Para mí, la más bella representación de un pueblo o ciudad, como habitáculo de seres humanos, es un poblado kogi. Siempre lo he dicho. Las casas redondas, techadas en paja y en la mitad la kankurua, unas veces redonda y más grande y otras de planta rectangular… La kankurua es la sala ceremonial. Frente al poblado y en otra ladera hay una casa kogi solitaria. Hacia ella nos dirigimos y encontramos a una madre tejiendo sentada fuera de la casa rodeada por sus nietecitos. Entendía a medias el castellano y nos permitió hacerle fotos. Su hija nos vendió unos refrescos. Fueron asequibles. Los kogis nos consideran a nosotros “los hermanitos menores” en el universo.

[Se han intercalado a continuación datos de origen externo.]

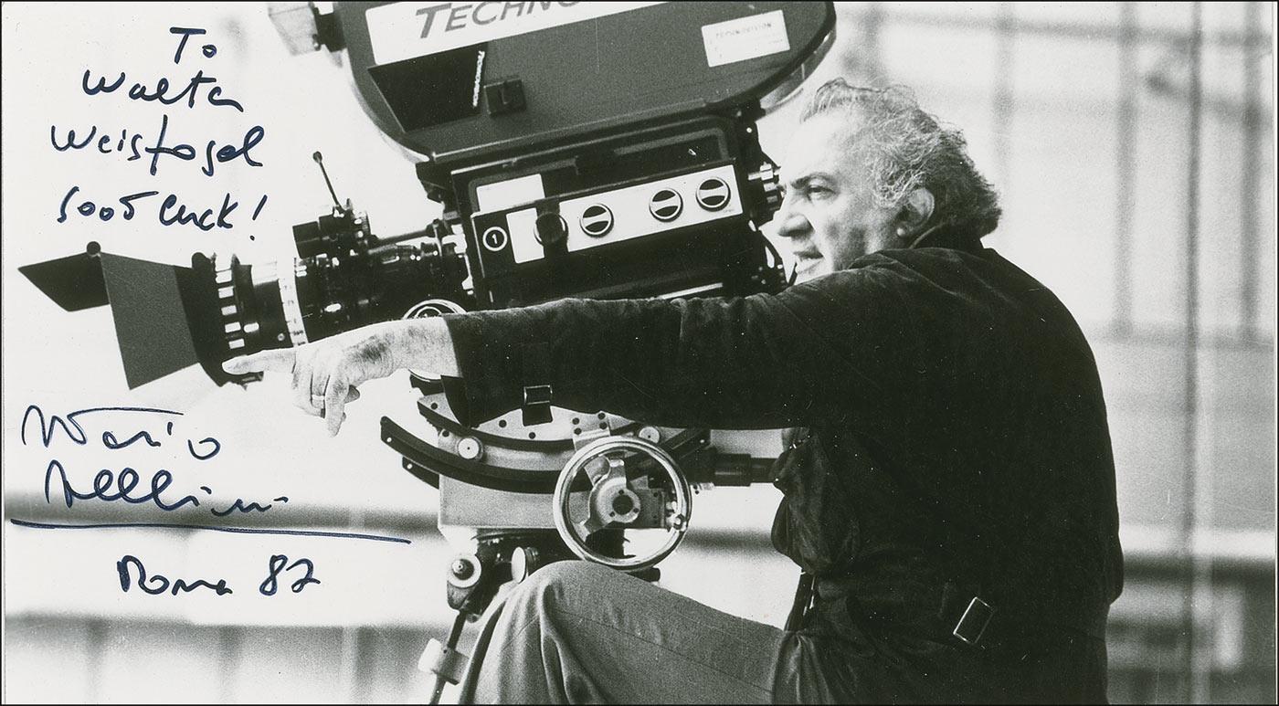 Glossy 7 x 4 photo of Fellini behind the camera, signed and inscribed in black felt tip “To Walter Weisfogel, Federico Fellini Roma 82.” In fine condition.
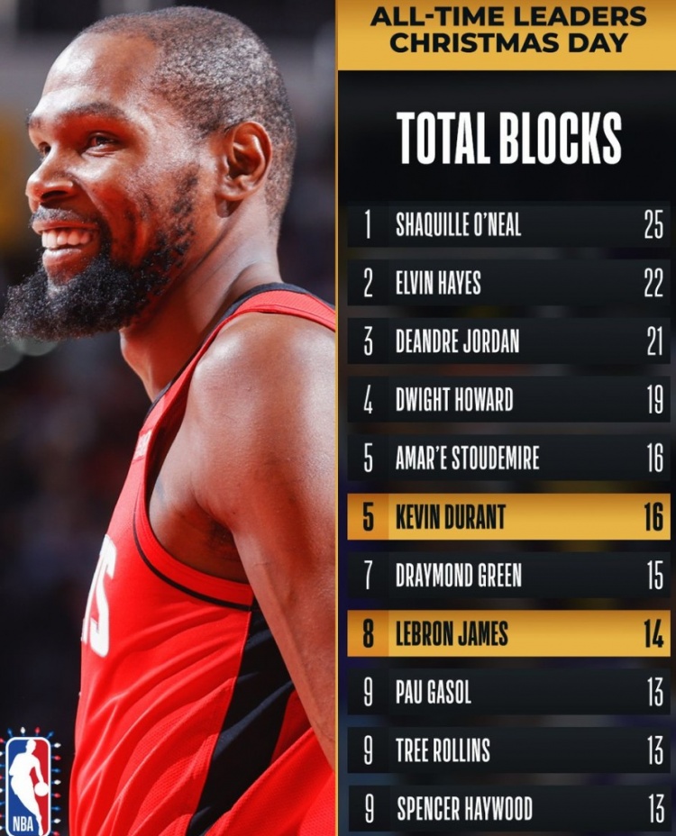 在本场比赛过后,杜兰特(16)在圣诞大战盖帽榜上升至并列第五,詹姆斯(14)上升至第八。
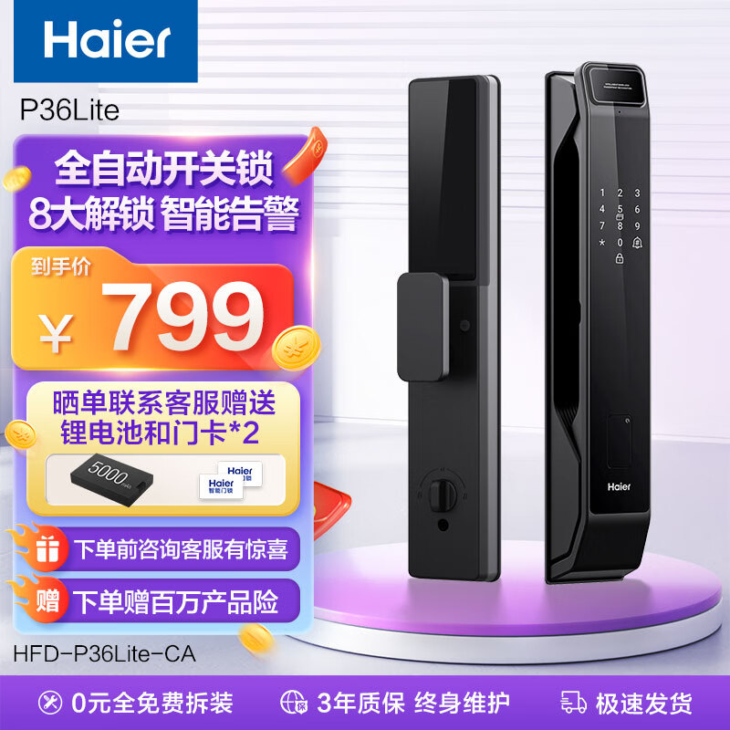 海尔(Haier) 智能门锁 P36Lite 指纹锁 全自动防盗门锁 智能锁 密码锁 入户门电子门锁 手机智控 全自动门锁【标准锁体】价格:699.00元!
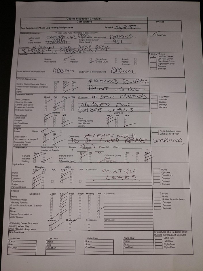 • Damage: Blown hyd pump seal, paint scratches, surface rust, seat has splits, multiple leaks. See inspection checklist report in pics.
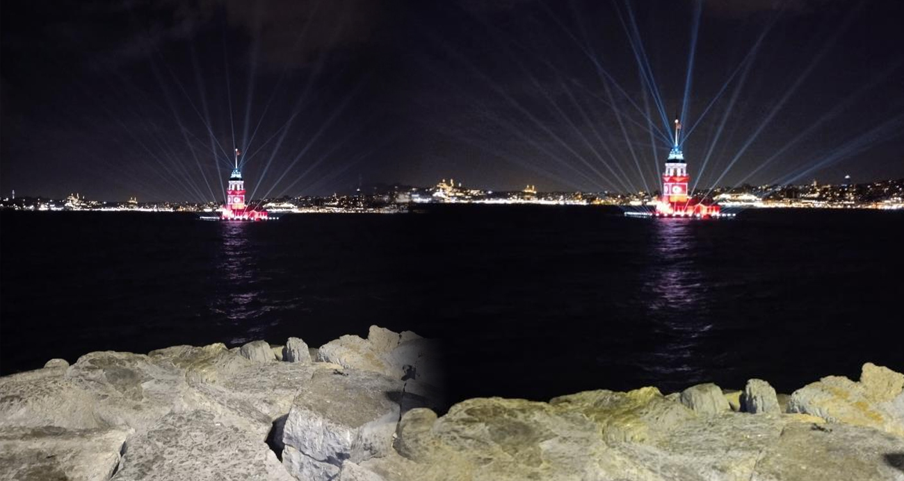 Kız Kulesine Türk Bayrağı yansıtıldı
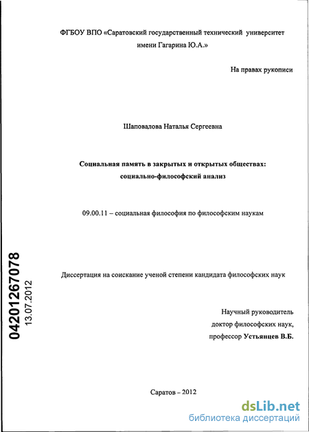 Саратовские мыслители разработали методологические и социокультурные основания исследования социальной памяти, а также основания ее исследования в традиционном и современном обществе (Я.Ф. Аскин, А.С. Борщов, В.Н. Гасилин, М.Э. Елютина, Е.В. Листвина, М.В. Шугуров). В рамках саратовской философской школы создалось целое направление в исследовании проблем социальной памяти и связанной с ней проблемой социального кодирования (В.Б. Устьянцев, В.П. Барышков, Д.И. Заров, Д.А. Аникин, О.Н. Осина, Е.В. Романовская).
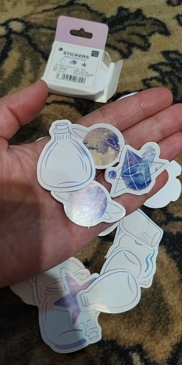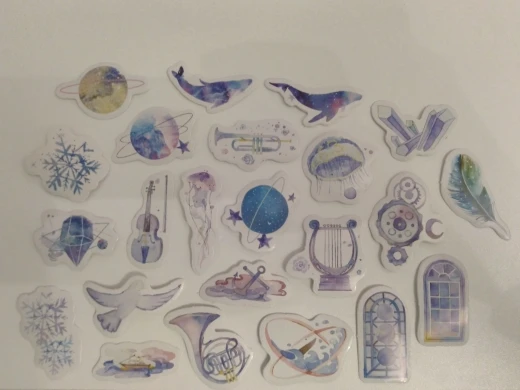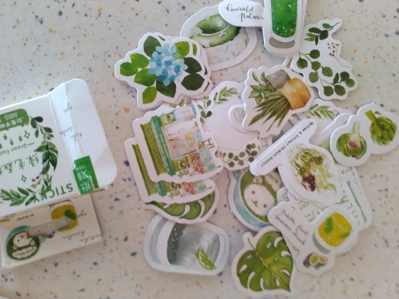 Стикеры просто Вау! Все наклейки выполнены в одной цветовой гамме и в одной тематике. Стикеры упакованы в компактную коробочку, все плотно туда помещаются, что очень удобно для из хранения - много наклеек и занимают мало места. Советую покупать в этом магазине - останетесь довольны!

Una montaña alta no surge sola sobre la Tierra. Mientras más alta, más grandes son los contrafuertes que la rodean. La Sierra Nevada de Santa Marta (SNSM) es un macizo aislado, pero a pesar de no ser en el mundo una montaña muy alta, sus contrafuertes se extienden largamente por la Guajira, Magdalena y César. Se pregunta uno cómo serán los contrafuertes de los picos del Himalaya que alcanzan y sobrepasan los 8.000 metros sobre el nivel del mar. Volando desde la India hacia Nepal y hacia Bután he podido fotografiar las inmensidades de la cordillera del Himalaya. Un pico de 8.000 metros extiende sus repliegues por decenas y centenas de kilómetros.

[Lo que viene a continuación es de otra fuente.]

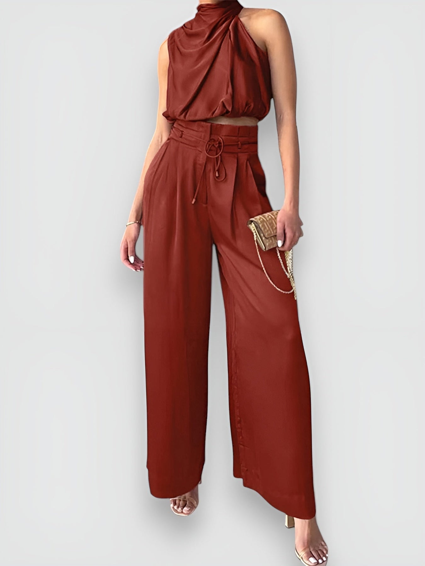 Questo elegante set è composto da un top senza maniche e pantaloni a gamba larga, perfetto per un look estivo sofisticato.
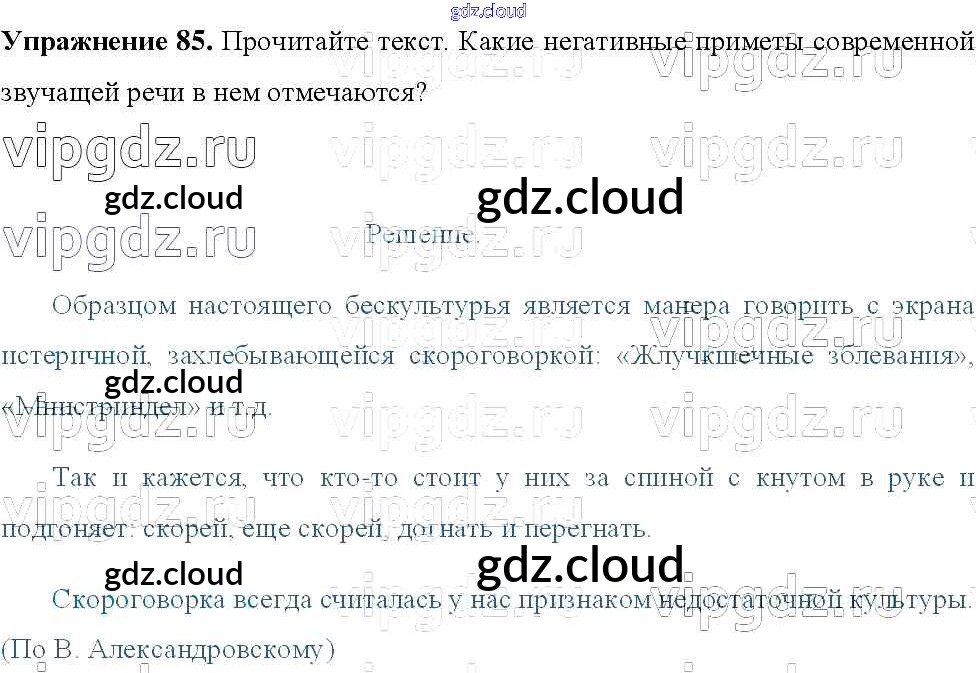 Ответ на задание 85 Учебник Русский язык за 8 (восьмой) класс Тростенцова, Ладыженская, Дейкина, Александрова 2014
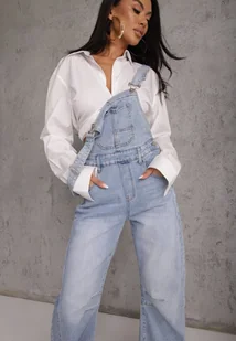 Niebieskie Jeansy Ogrodniczki z Nogawką Balloon z Bawełną Vimalliene

Avanzando y ascendiendo por los filos de este macizo y mirando más y más los soberbios horizontes de la Sierra vinieron a mí lejanas palabras de mi adolescencia. En esa época, exactamente igual que ahora que esos años de mi vida están tan lejos, yo era y soy muy sensible a la belleza de la naturaleza. Ella me transporta a otros mundos de realidades eternas, donde todo es felicidad y hermosura. Por esos años, serían mis trece años, leí una frase de Víctor Hugo que venía a mi mente siempre que me entregaba a mis caminos de montaña con vista a paisajes lejanos. Ahora, en la SNSM el exultante texto me acompañaba todo el tiempo. Estaban dadas las condiciones: cielos impecablemente azules, majestuosidad de los lejanos paisajes, hundidos nosotros en el silencio: “La-bàs une lueur immense nous convie” (“Allá lejos un resplandor inmenso nos convida”).
Trato de transcribir las emociones, y creo que las estoy traicionando. Son sencillamente inexpresables con palabras. El texto pertenece a ”La légende des siècles” (“La leyenda de los siglos”), un largo y exultante poema épico con reminiscencias mitológicas que escribió Víctor Hugo y en el cual habla de la historia de la Tierra y de las huellas que él hombre ha dejado sobre ella. Ya caída la tarde, porque la jornada fue larga y dura, llegamos a la casa campesina de unos amigos de Wilson Álvarez que son los últimos que viven arriba en la montaña por ese sector. La casa es preciosa, con un corredor largo abierto hacia la inmensidad de una montaña densa de bosques y que se corona con una línea horizontal que cierra el horizonte.
Estamos en un nido de águilas. Los corredores de la casa están adornados con materas cuyas flores rojas estaban en todo su esplendor. No era solo la majestad del paisaje, era también el calor de los campesinos que nos atendieron con bíblica hospitalidad como si fuéramos sus familiares llegados desde lejos. La casa se ilumina con electricidad de paneles solares. A esas alturas el sol es generoso. En un bosque vecino se oían los trinos de los pájaros al atardecer. Wilson, que se ha convertido en un experto en las aves del macizo, acompañó a Ramiro que buscaba desesperadamente el colibrí barbudo.